1. Delete the `installer_files` folder
2. Run `GetConda.bat`
3. Run `SetEnv.bat`
4. Run `InstallRequirements.bat`

## 📝 License

This project is licensed under the Apache License 2.0 - the same license as the original JoyCaption project. See the [LICENSE](LICENSE) file for details.

## 🙏 Acknowledgments

- **Original JoyCaption**: Created by [fpgaminer](https://github.com/fpgaminer/joycaption) - A groundbreaking open-source VLM for image captioning
- **Built upon**: The gradio-app implementation from the original repository
- **Model Components**:
- Meta-Llama-3.1-8B language model
- Google SigLIP vision encoder (siglip-so400m-patch14-384)
- **Community**: Thanks to the AI/ML community for supporting open-source VLM development
- **Windows Optimization**: Independently developed for improved Windows compatibility

## 🤝 Contributing

Contributions are welcome!
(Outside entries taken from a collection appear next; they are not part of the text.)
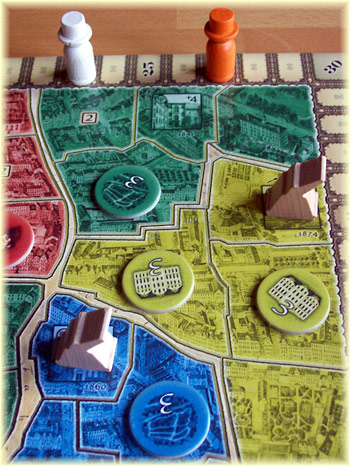 Einmal ausliegende Plättchen werden nicht mehr bewegt, was bedeutet, dass man wohl überlegen muss, wo man sein Bauplättchen hinlegt. Der Autor hat sich dabei folgendes Wertungssystem ausgedacht: Für jedes ausgelegte Plättchen bekommt man immer sofort die Punkte, die auf dem Plättchen aufgedruckt sind. Da es drei Sorten Plättchen gibt (Park, Haus, Villa) erhält man für gleiche Plättchen im selben Areal die Punkte dieser Plättchen auch noch dazu. Manche Felder tragen eine "2", was 2 Extrapunkte bedeutet oder ein Münzsymbol, was den Erhalt einer Münze sichert. Dies ist übrigens die einzige Möglichkeit, an Geld zu kommen, und unglücklicherweise darf man immer nur drei Münzen besitzen.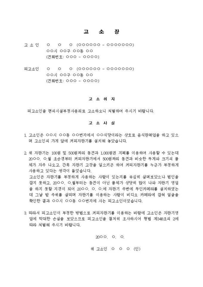 (고소장)편의시설부정사용죄(고객이 커피자판기 훼손)입니다.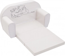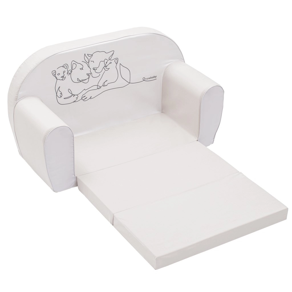 Praktische en comfortabele kinder slaapbank New Baby Lion Family in het lichtgrijs, ideaal voor elke kinderkamer. Gemaakt van zachte en lichte polyurethaanschuim, met een afneembare katoenen hoes met rits voor eenvoudig onderhoud, en versierd met een schattig dinosaurusmotief. Biedt veilig zitten zonder harde onderdelen en is perfect voor rusten, spelen en het kijken van verhaaltjes.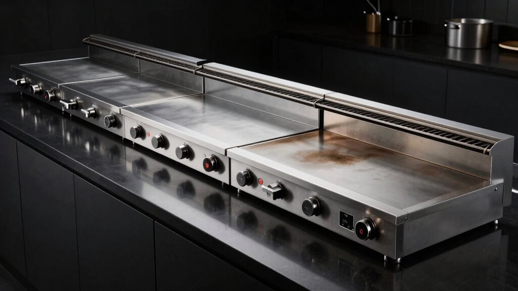 Considering the variety of fuel options available for flatgrills can seem overwhelming, but understanding their differences helps you select the best fit for your cooking style. Propane and natural gas are popular for outdoor use because they’re portable and deliver consistent heat, with BTU ratings indicating power. Electric flatgrills are perfect for indoor spaces or areas with gas restrictions, offering precise temperature control without emissions. Charcoal models give a distinct smoky flavor, but require more time for setup, cleanup, and temperature management compared to gas or electric options. When choosing a fuel type, think about availability, safety, installation requirements, and the kind of cooking experience you want. Your choice should match your outdoor or indoor setup and how much effort you’re willing to invest in prep and cleanup.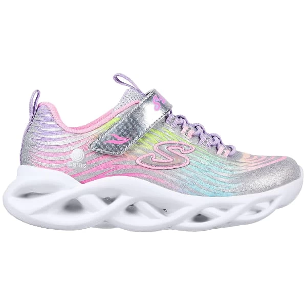 Dazzle your steps in style and comfort with Skechers S Lights: Twisty Brights – Mystical Bliss. This casual lightweight slip-on features a mesh and glitter synthetic upper with a light-up midsole.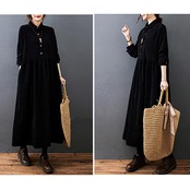 【特価商品】[YYQ-SHOP]ワンピース レディース コーデュロイ シャツワンピース ゆったり 長袖 ロングワンピース マキシ丈 春 秋 冬 大きいサイズ Aライン 体型カバー 無地 ポケット付き(10ブラック) | BOSSO

Please feel free to submit a Pull Request. Areas where contributions would be particularly helpful:

- Performance optimizations
- Additional quantization options
- UI improvements
- Documentation enhancements

---

**Note**: This is an independent optimization of the original JoyCaption project, focused specifically on improving Windows compatibility and ease of installation.